Labiaplasty Confidentiality

Labiaplasty or Vaginoplasty Can Be the Most Important Decision You’ll Make . . . Should You Be Concerned about Confidentiality?

You’ve searched the internet for labiaplasty and find social web sites touting patients who’ve supposedly had a FCGS procedure, or to ask generalized questions that can be answered by a surgeon.  But, is this really a good idea?

Reviewed by Bernard Stern, M.D., FACS
November 18, 2016

Everything you read or say on the Internet is true, right?  Hmm . . . perhaps not . . . not unless the site has been reviewed by a verifiable, auditing organization like HON like this site is.  Even worse, the comments you make on these social web sites could even come back to haunt you or cost you friends, family or even your job.  Every day, you hear about some person who has gotten into trouble because of confidential information they’ve posted about themselves in full public view.  Employers are constantly on the lookout for employee comments indicating behavior, as are law firms and authoritative government agencies about personal information one voluntarily posts for public viewing.  Big brother really IS watching, now more than ever and privacy is a real concern today.
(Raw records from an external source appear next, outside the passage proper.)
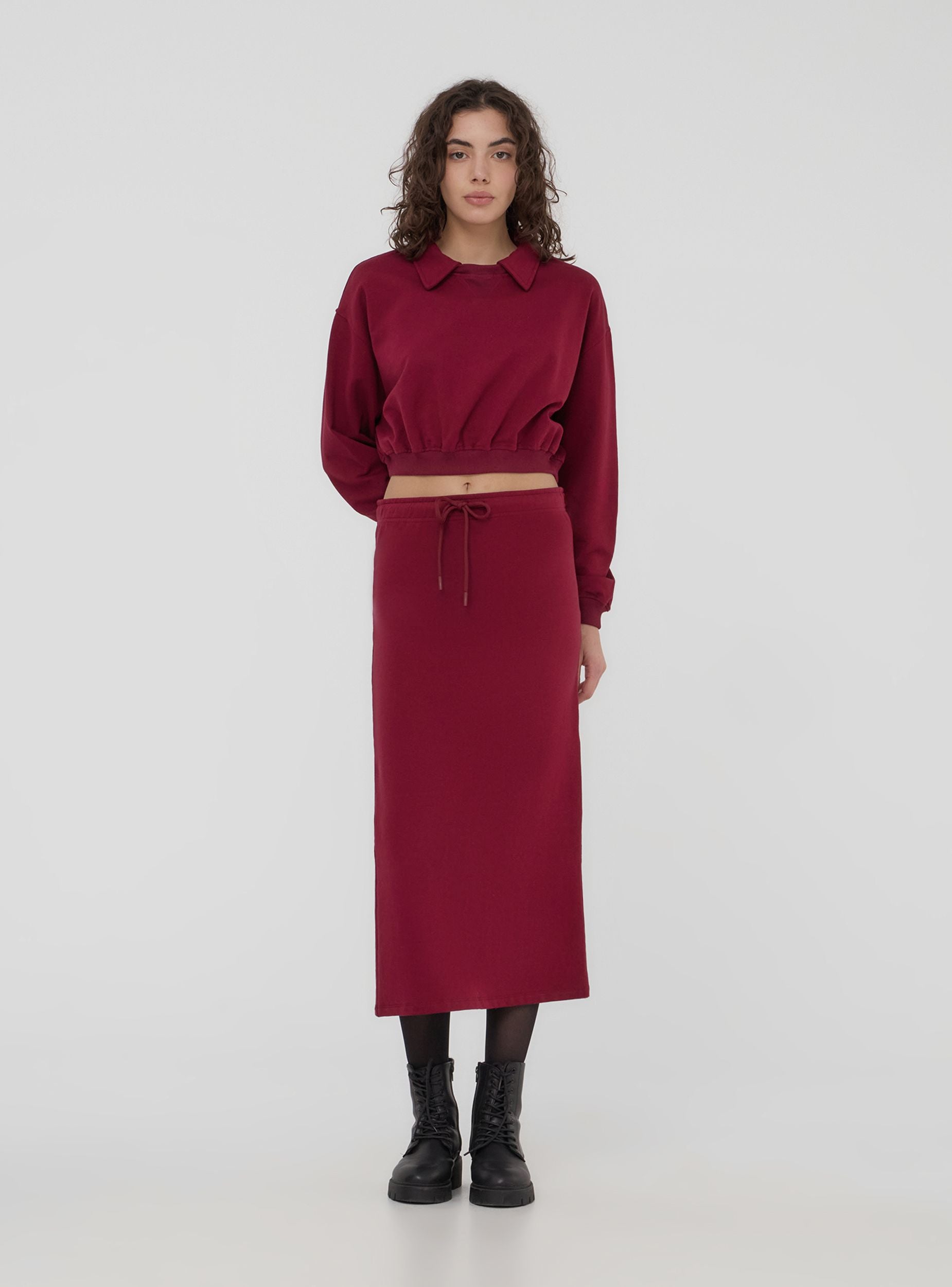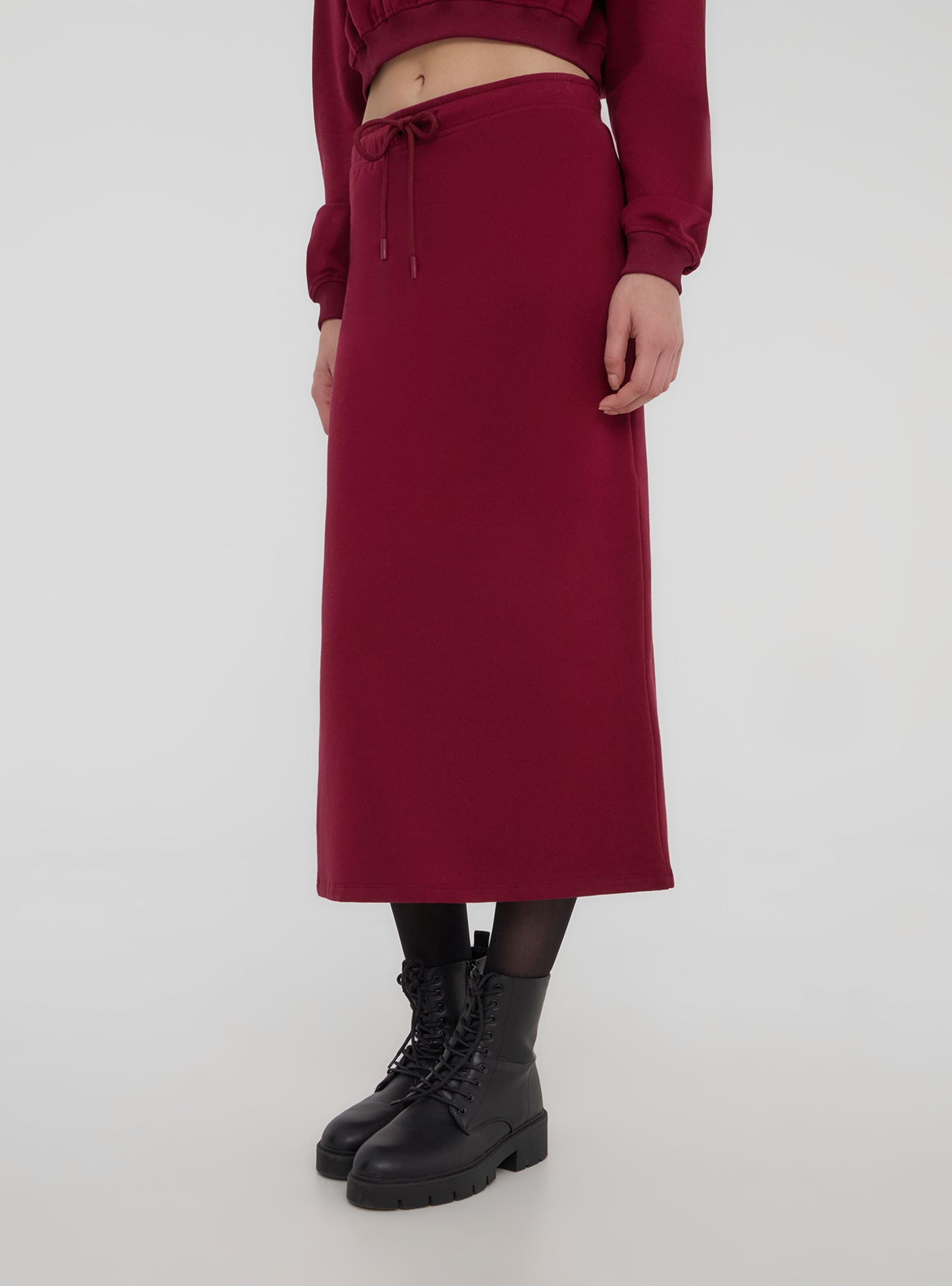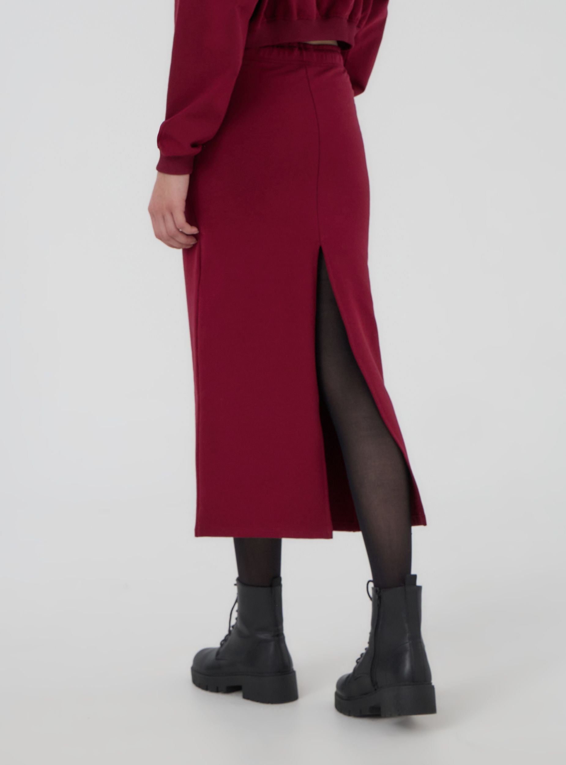 Rock aus Damen-Fleece, ideal für einen lässigen und vielseitigen Look. Dieses knielange Modell mit niedriger Taille passt zu verschiedenen Stilen und bietet Komfort und Praktikabilität. Der Kordelzug in der Taille ermöglicht eine optimale Anpassung an deine Formen. Das einfarbige Design lässt sich leicht mit anderen Teilen der Garderobe kombinieren, während der seitliche Schlitz einen Hauch von Weiblichkeit und Bewegung hinzufügt. Perfekt, um ein entspanntes und modisches Outfit zu vervollständigen, vereint dieser Rock Komfort und Stil in einem einzigen Kleidungsstück, ideal für dynamische Tage.Details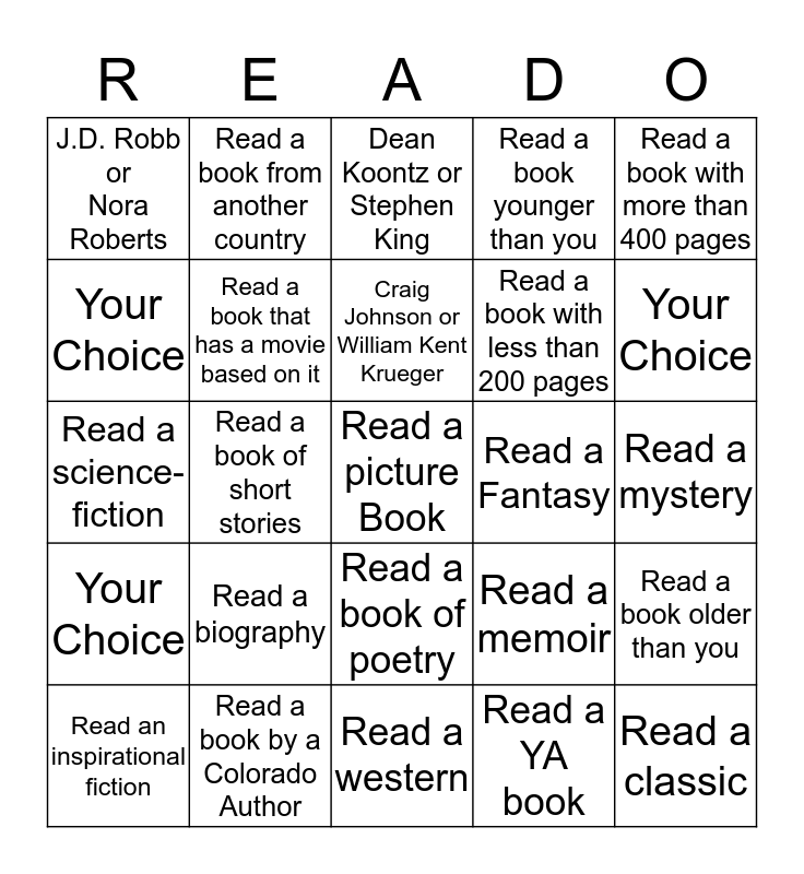 This bingo card has a free space and 24 words: Read a biography, Read a book by a Colorado Author, Craig Johnson or William Kent Krueger, Read an inspirational fiction, Read a book with more than 400 pages, J.D. Robb or Nora Roberts, Your Choice, Read a book from another country, Read a Fantasy, Read a book of poetry, Read a book with less than 200 pages, Read a science-fiction, Read a memoir, Read a book older than you, Read a book that has a movie based on it, Read a YA book, Read a mystery, Dean Koontz or Stephen King, Your Choice, Read a book of short stories, Read a classic, Your Choice, Read a book younger than you and Read a western.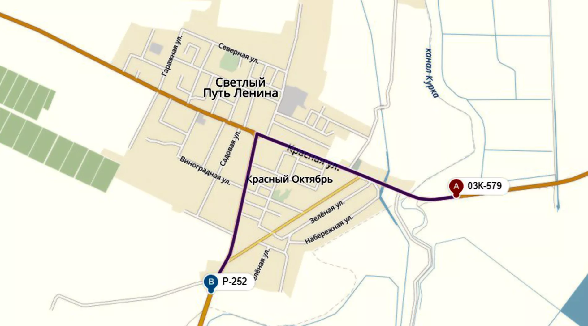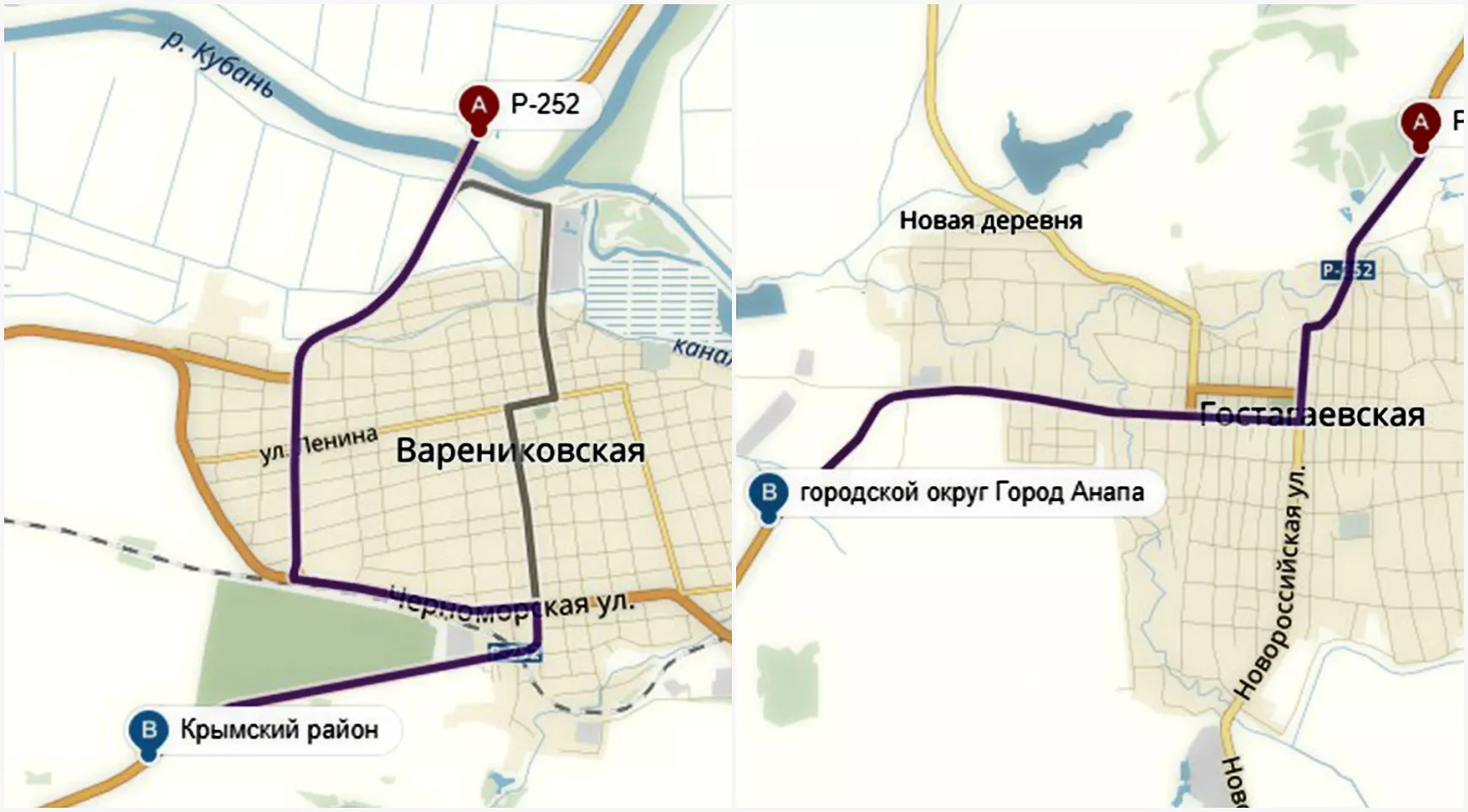 Далее объезжаем справа (по западной стороне) станицу Варениковскую и двигаемся по Черноморской улице до перекрестка с Октябрьской, поворачиваем направо и двигаемся в сторону станицы Гостагаевской через Фадеево.

Furthermore, and even more frightening . . . is that when you post questions to these non-private web sites seeking information about a medical procedure, or wish to comment about a surgeon’s capabilities . . . do you really want the world to read that you had a surgery done on your private parts?  Fact is, the majority of these web sites have Terms of Usage conditions and requirements that state your submissions and your personal information, are NOT treated with any degree of confidentiality and you are bound by usage terms that your comments are non-confidential and are publicly available for anyone to view.  Simply said, you waive any rights of privacy.

And does what these people say really have any useful value?  Perhaps a small amount concerning such things about how long the procedure took, and/or if they experienced pain, etc.  Because these are consumers who largely have NO understanding or knowledge of what constitutes a good surgery, versus a not-so-good surgery or anything in between.  Yes, they might offer advice on the surgeon’s office décor, or the staff, but other than that the vast majority of what you read is irrelevant.

Some of these social media “referral” sites allow consumers to ask questions about labiaplasty and vaginoplasty for any surgeon who wishes to provide an answer.  Yet, Medical Boards generally frown on surgeons offering diagnoses without actually performing a detailed evaluation, either in person or on the telephone, and few good surgeons are going to make a comprehensive medical assessment of your specific problem without first seeing you or doing a detailed medical evaluation—not unless they wish to possibly be involved in a malpractice suit or risk a Medical Board complaint being filed against them.

Okay, so what’s wrong with these testimonials and referrals?

Nothing, if one wishes to have knowledge about their genitals exposed to a global audience that can include friends, former/current boyfriends, current and perspective employers, moms, dads, brothers, aunts, uncles, sisters and more.  Ironically, most of the time people who’ve had a cosmetic surgery procedure generally will NOT publicly volunteer information that they had any “work” done.  Let alone work done down there.  Yet, everyday some uninformed prospective patient reads someone else’s comments from undocumented sources, about things that have little relevance to another person’s medical case.

Additionally, just how much value do these broad-statement, unsubstantiated diagnoses, and testimonials have?  The reality is that they are limited in value, because most of what you read is far too general, other than to point you to some surgeon who might have little to no experience in these delicate procedures.  And, while this surgeon may have done a handful of procedures in the last year without complications . . . you could be the patient that has a bad procedure, because of lack of experience, thereby ruining your life.

What really matters, is that the surgeon is trained, experienced and qualified—they’ve performed lots of these procedures.  Most surgeons don’t have the proper training or experience necessary, but those found on this web portal are, because we reject more surgeons than we accept for inclusion.  Even further, participates in surgical and preceptorship training programs with the most respected guru’s in medicine today, something no one else does, assuring that the surgeon you pick DOES have proper training from an expert so your outcome will be good.

Or . . . you can simply post a question on line at a social media web site and hear about how wonderful the doctors’ offices looked or the décor . . . and take the advice of someone you don’t even know.